▶ _ENTRIES SUPPLIED_
▼
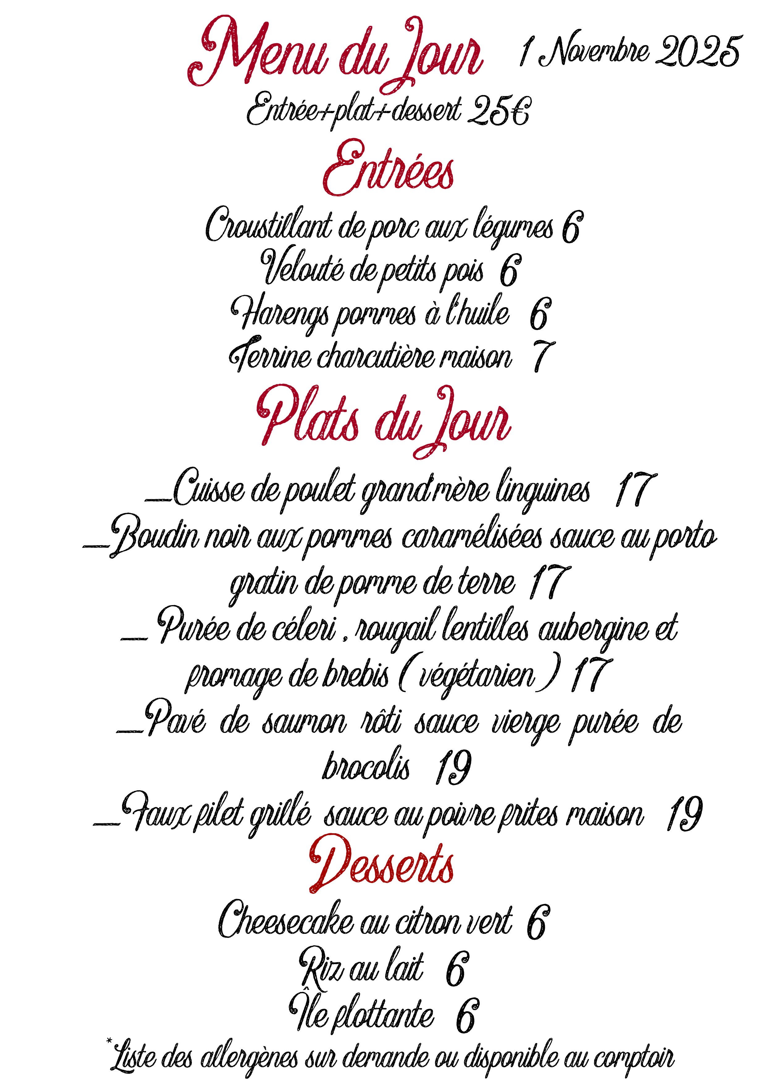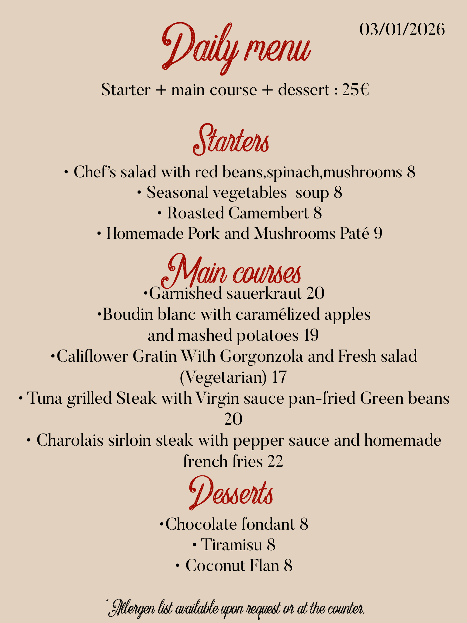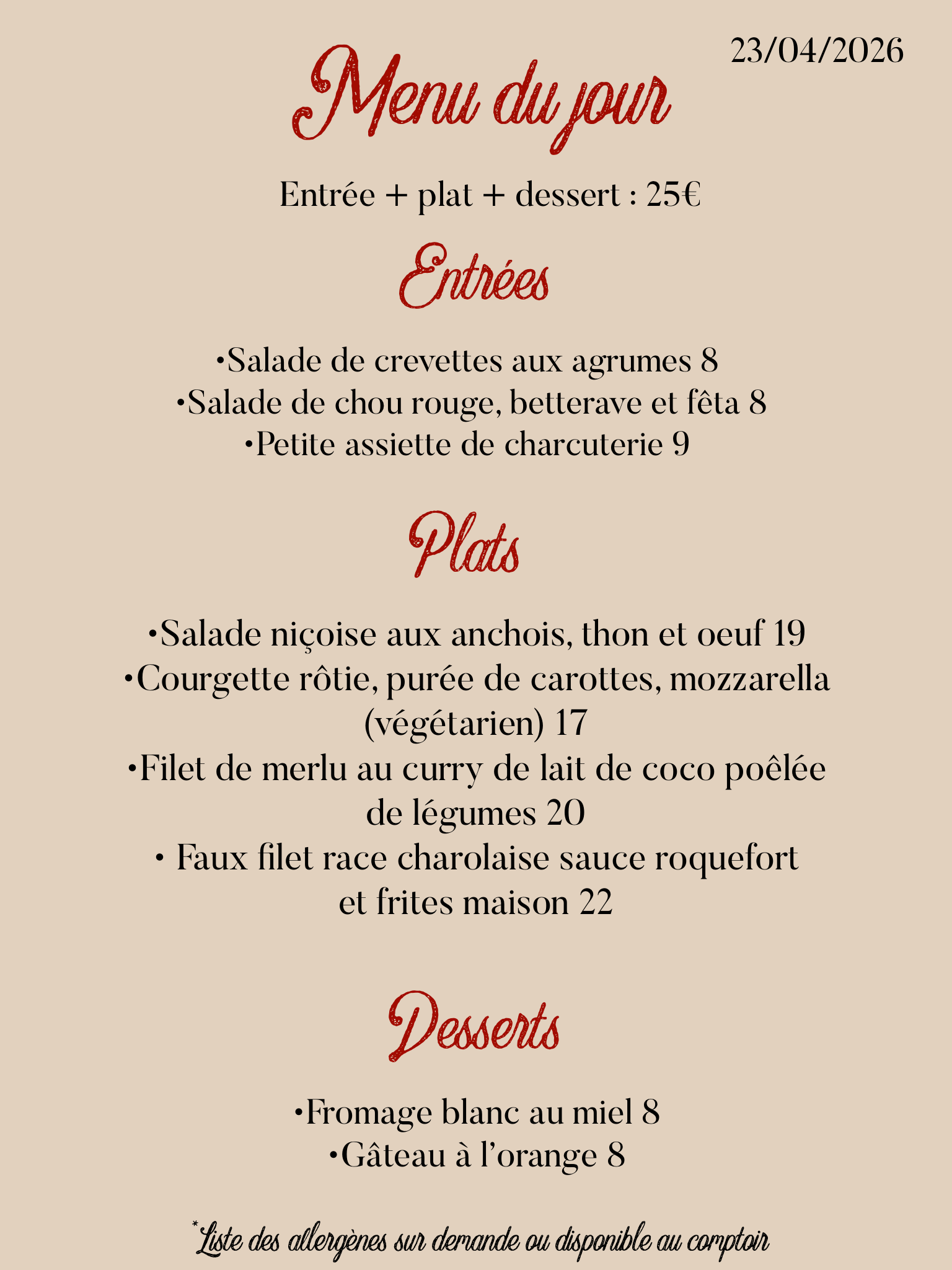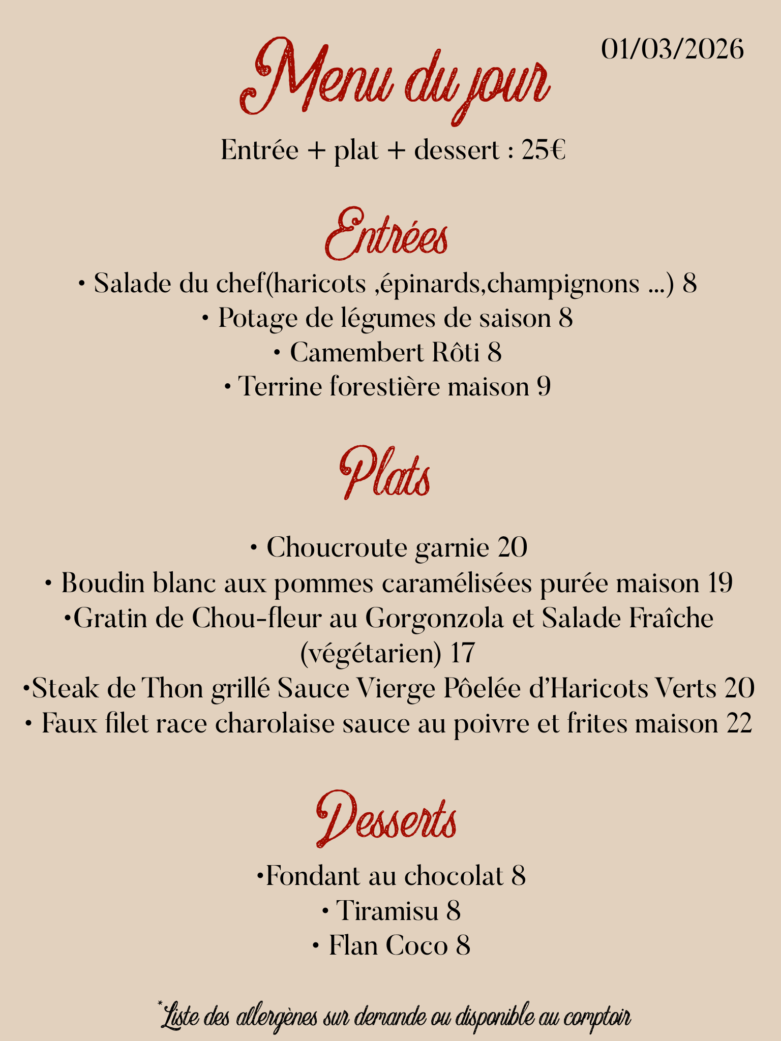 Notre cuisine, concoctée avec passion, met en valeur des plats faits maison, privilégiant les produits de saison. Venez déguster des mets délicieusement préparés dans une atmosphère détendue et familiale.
▲
▼
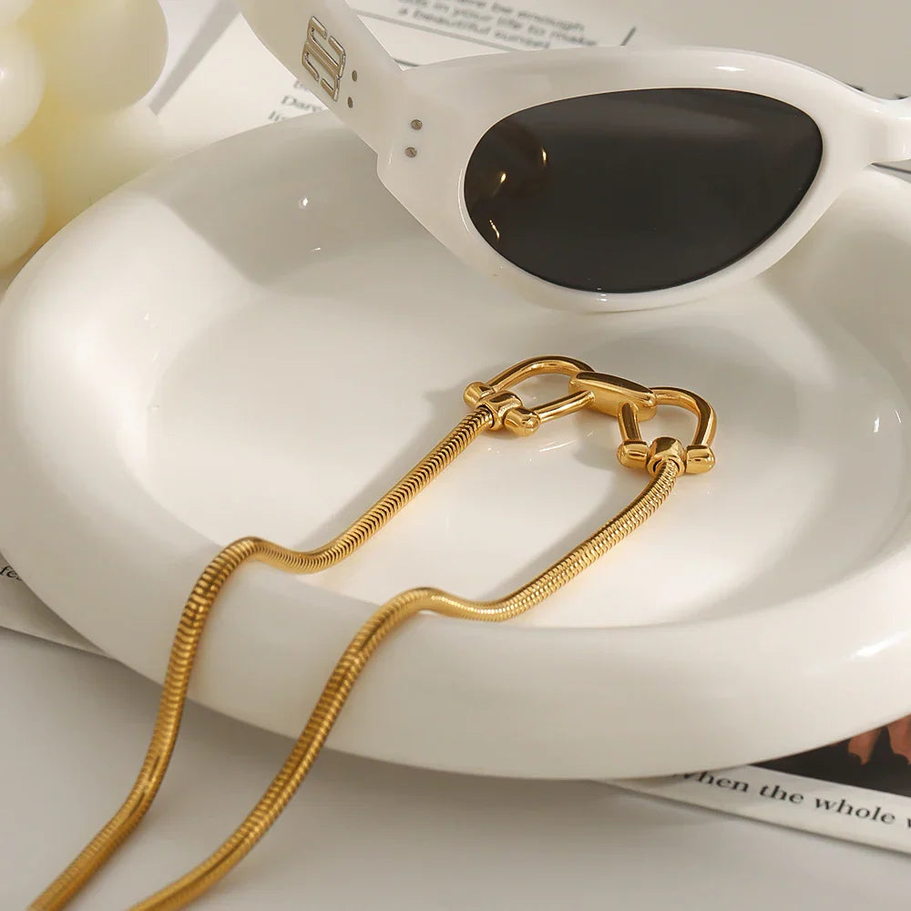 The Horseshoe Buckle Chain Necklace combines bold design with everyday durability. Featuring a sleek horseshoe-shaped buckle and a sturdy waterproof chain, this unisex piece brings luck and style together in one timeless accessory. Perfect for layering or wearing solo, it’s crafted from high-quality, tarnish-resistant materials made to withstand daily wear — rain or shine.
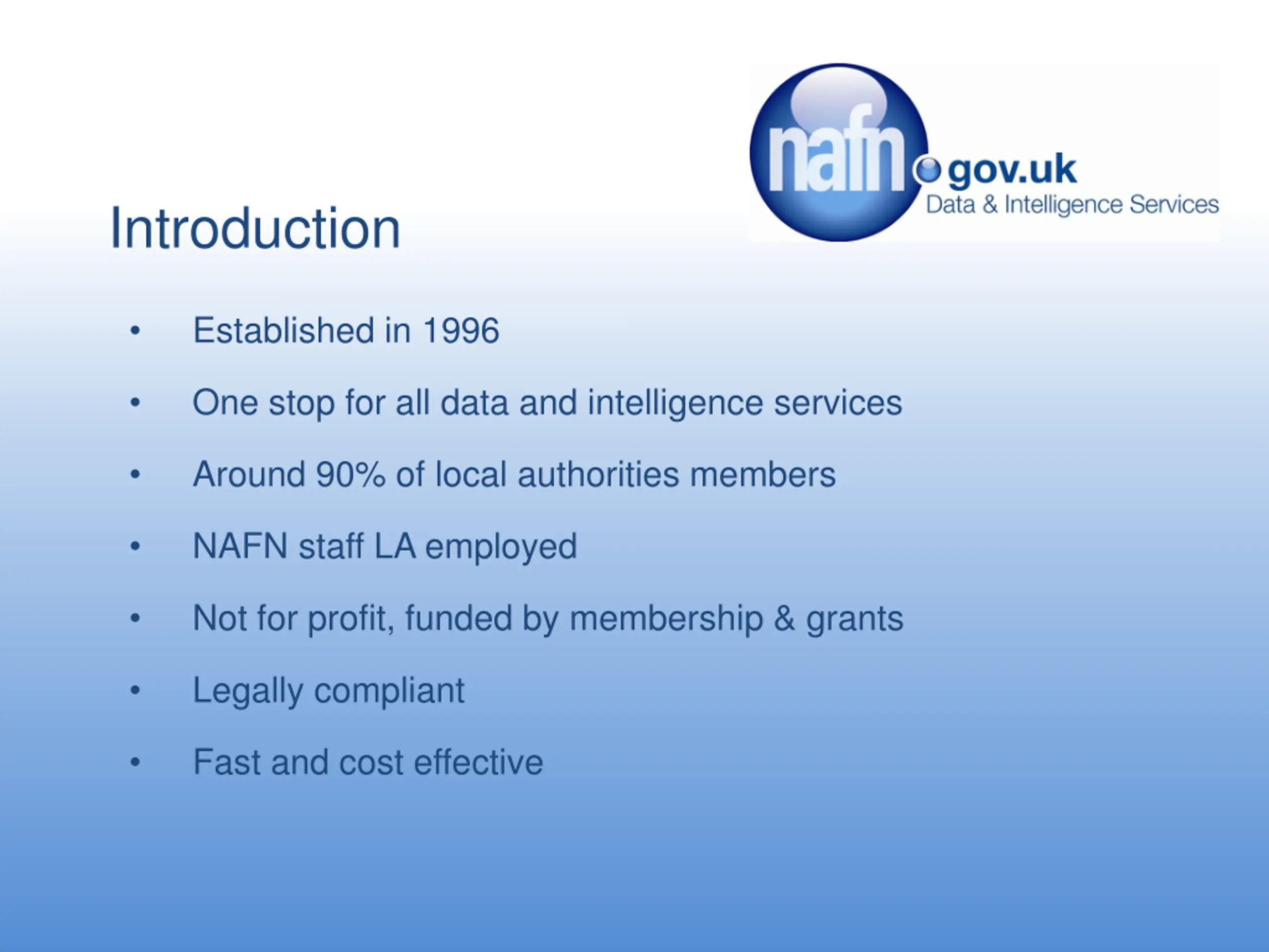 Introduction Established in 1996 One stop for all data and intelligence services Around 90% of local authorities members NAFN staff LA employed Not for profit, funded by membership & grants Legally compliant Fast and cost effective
▲
▶ _DESCRIPTION OF THE TASK_
Give exactly the lines above that run from the line with "The Horseshoe Buckle" to the line with "Introduction Established in", both included, leaving every picture out.

▶ _WRITTEN RESPONSE_
 The Horseshoe Buckle Chain Necklace combines bold design with everyday durability. Featuring a sleek horseshoe-shaped buckle and a sturdy waterproof chain, this unisex piece brings luck and style together in one timeless accessory. Perfect for layering or wearing solo, it’s crafted from high-quality, tarnish-resistant materials made to withstand daily wear — rain or shine.
 Introduction Established in 1996 One stop for all data and intelligence services Around 90% of local authorities members NAFN staff LA employed Not for profit, funded by membership & grants Legally compliant Fast and cost effective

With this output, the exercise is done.